Collected data.
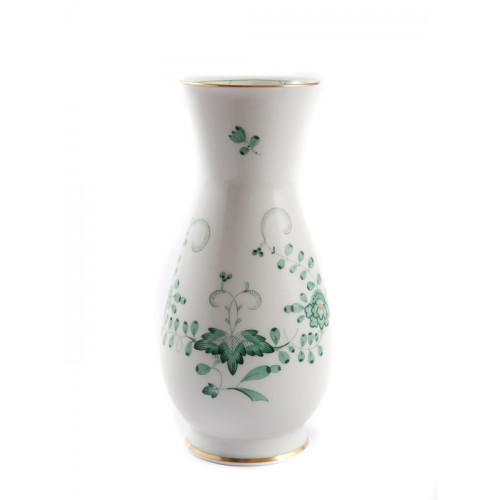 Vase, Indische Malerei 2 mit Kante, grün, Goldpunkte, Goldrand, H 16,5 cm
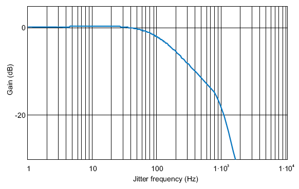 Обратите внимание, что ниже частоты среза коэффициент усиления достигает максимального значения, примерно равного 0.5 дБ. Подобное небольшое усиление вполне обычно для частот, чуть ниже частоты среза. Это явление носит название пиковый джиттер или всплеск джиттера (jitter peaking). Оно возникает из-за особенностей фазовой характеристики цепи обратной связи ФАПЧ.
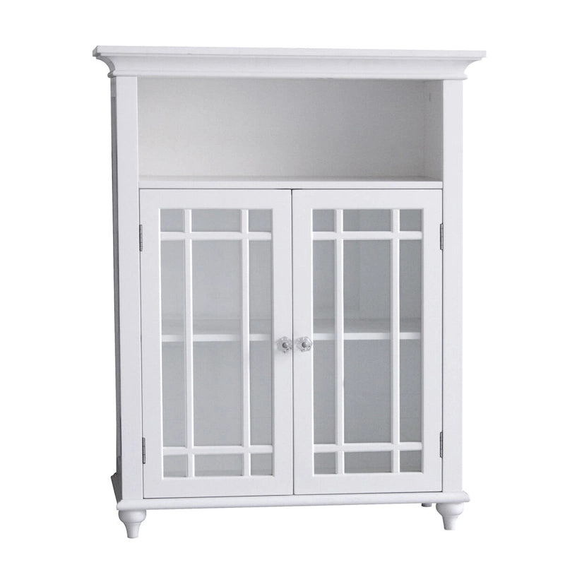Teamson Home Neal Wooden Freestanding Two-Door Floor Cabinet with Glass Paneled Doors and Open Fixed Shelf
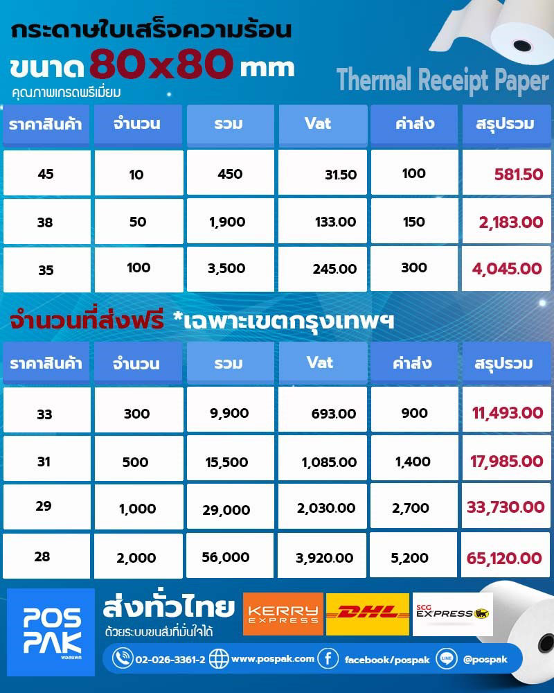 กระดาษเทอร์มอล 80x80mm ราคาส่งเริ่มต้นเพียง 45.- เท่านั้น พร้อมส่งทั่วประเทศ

What you should do. Could you set down word for word each line from the one holding "Teamson Home Neal" through the end of the material above, without any pictures?

Answer space.
Teamson Home Neal Wooden Freestanding Two-Door Floor Cabinet with Glass Paneled Doors and Open Fixed Shelf
 กระดาษเทอร์มอล 80x80mm ราคาส่งเริ่มต้นเพียง 45.- เท่านั้น พร้อมส่งทั่วประเทศ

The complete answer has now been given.